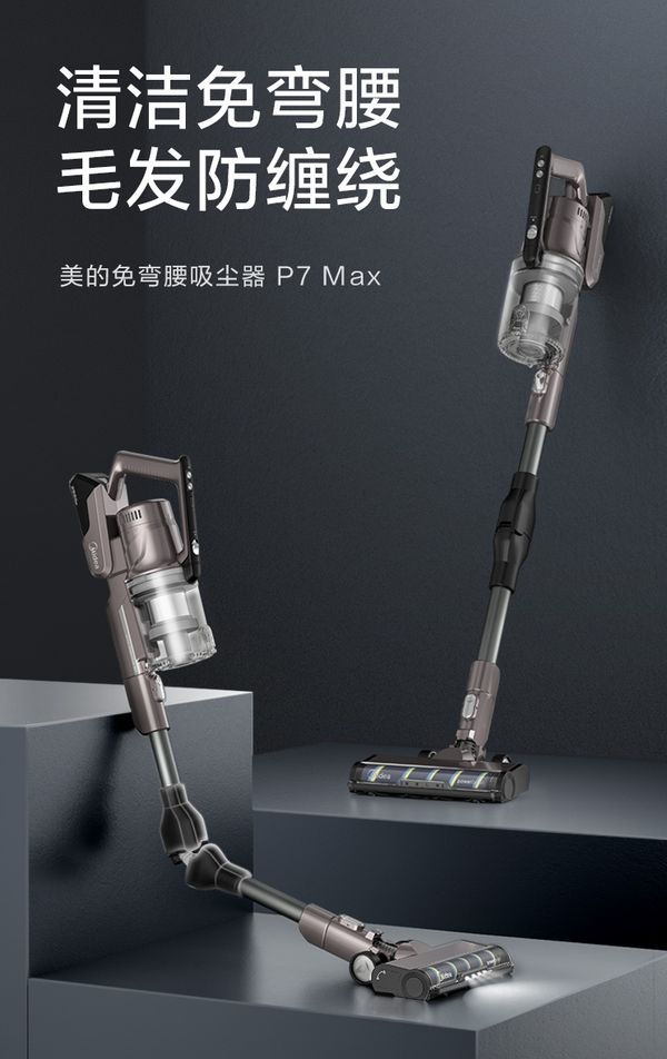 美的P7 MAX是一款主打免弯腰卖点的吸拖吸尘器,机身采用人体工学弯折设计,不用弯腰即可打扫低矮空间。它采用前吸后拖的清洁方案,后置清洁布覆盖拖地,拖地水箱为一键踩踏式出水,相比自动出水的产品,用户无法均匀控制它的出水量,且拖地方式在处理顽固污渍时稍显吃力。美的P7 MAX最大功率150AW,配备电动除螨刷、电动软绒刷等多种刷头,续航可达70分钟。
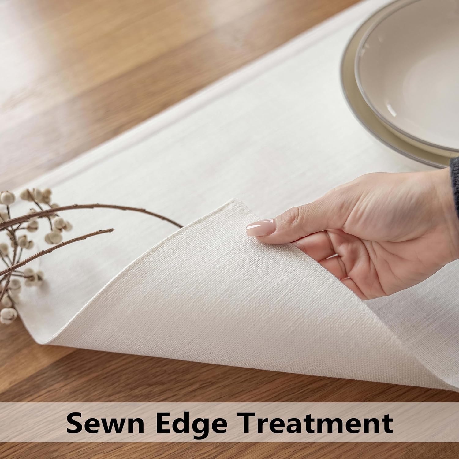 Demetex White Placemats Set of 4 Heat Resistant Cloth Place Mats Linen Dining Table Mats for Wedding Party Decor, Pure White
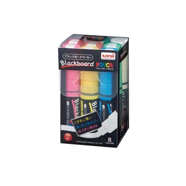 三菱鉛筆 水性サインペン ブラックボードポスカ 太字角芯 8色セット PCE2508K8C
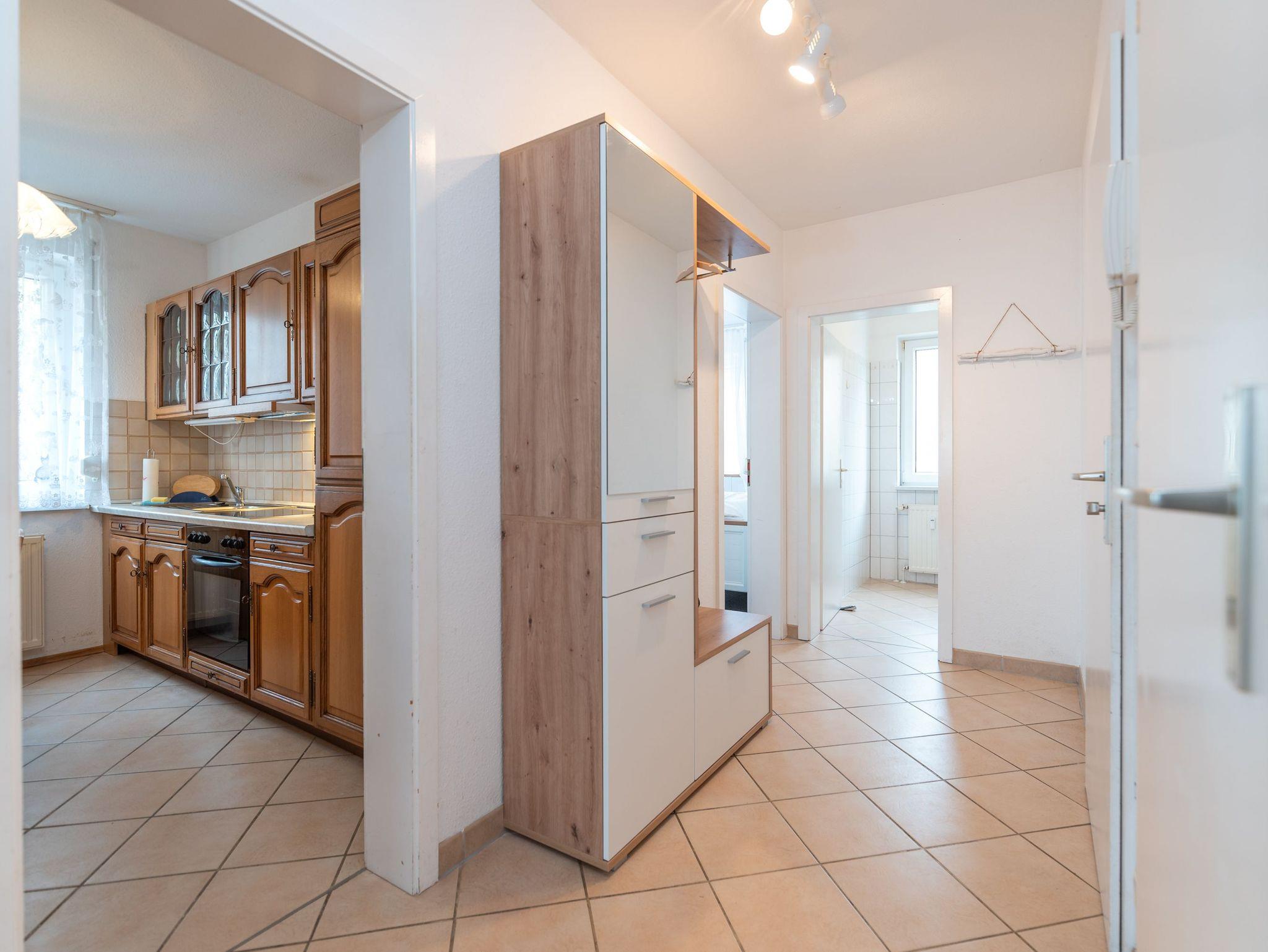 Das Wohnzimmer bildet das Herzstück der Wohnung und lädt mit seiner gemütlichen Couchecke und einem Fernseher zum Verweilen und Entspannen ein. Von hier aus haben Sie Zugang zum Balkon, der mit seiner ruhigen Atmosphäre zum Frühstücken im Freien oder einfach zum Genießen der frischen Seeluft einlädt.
○ ○ ○ ○ ○
§ **What is being asked**: Within the listing above, find the line containing "Demetex White Placemats", then print it and every line after it exactly, leaving out pictures.

§ **Output of the task**:
 Demetex White Placemats Set of 4 Heat Resistant Cloth Place Mats Linen Dining Table Mats for Wedding Party Decor, Pure White
 三菱鉛筆 水性サインペン ブラックボードポスカ 太字角芯 8色セット PCE2508K8C
 Das Wohnzimmer bildet das Herzstück der Wohnung und lädt mit seiner gemütlichen Couchecke und einem Fernseher zum Verweilen und Entspannen ein. Von hier aus haben Sie Zugang zum Balkon, der mit seiner ruhigen Atmosphäre zum Frühstücken im Freien oder einfach zum Genießen der frischen Seeluft einlädt.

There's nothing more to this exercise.